Below are entries; repeat exactly, and nothing else, the lines from the one holding "Figure 8: Temporal" through the one holding "The living room", inclusive. Leave the pictures out.

=== Information given ===
----

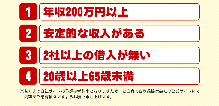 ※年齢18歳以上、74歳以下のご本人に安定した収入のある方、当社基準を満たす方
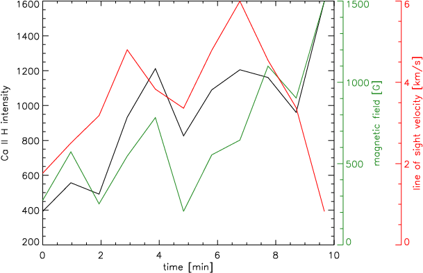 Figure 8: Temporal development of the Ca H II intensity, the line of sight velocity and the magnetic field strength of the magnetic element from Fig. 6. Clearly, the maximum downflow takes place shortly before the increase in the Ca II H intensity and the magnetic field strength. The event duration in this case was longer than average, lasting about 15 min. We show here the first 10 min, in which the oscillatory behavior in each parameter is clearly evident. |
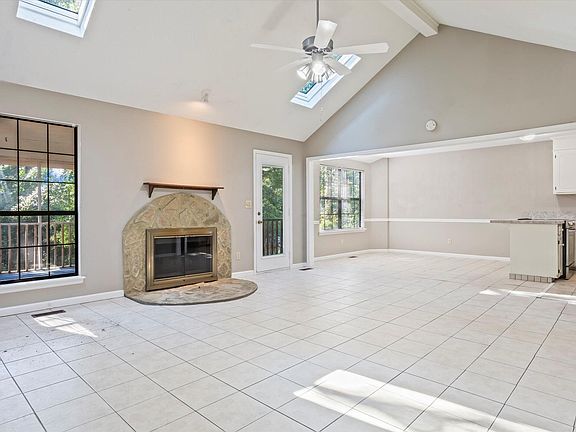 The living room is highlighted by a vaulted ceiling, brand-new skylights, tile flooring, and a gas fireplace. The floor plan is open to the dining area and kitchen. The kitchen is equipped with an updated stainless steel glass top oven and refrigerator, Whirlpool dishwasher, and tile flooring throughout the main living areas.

----

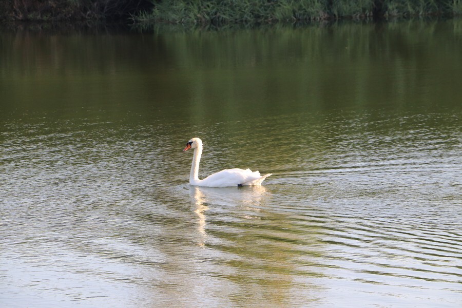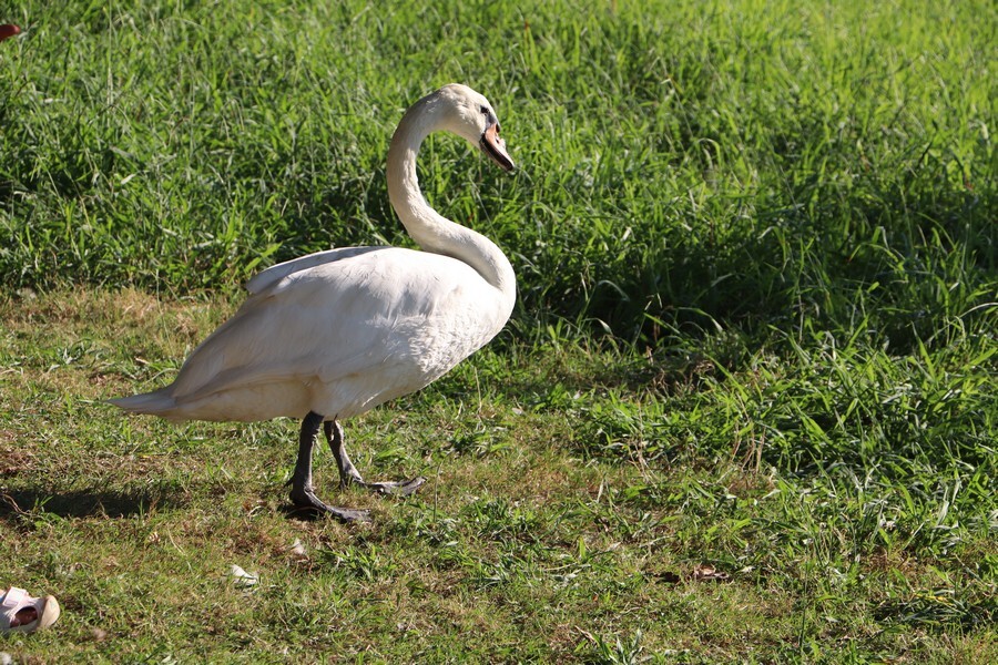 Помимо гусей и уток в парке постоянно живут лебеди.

----

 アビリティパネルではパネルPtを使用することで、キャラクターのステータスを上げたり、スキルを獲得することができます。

----

=== Result for this exercise ===
 Figure 8: Temporal development of the Ca H II intensity, the line of sight velocity and the magnetic field strength of the magnetic element from Fig. 6. Clearly, the maximum downflow takes place shortly before the increase in the Ca II H intensity and the magnetic field strength. The event duration in this case was longer than average, lasting about 15 min. We show here the first 10 min, in which the oscillatory behavior in each parameter is clearly evident. |
 The living room is highlighted by a vaulted ceiling, brand-new skylights, tile flooring, and a gas fireplace. The floor plan is open to the dining area and kitchen. The kitchen is equipped with an updated stainless steel glass top oven and refrigerator, Whirlpool dishwasher, and tile flooring throughout the main living areas.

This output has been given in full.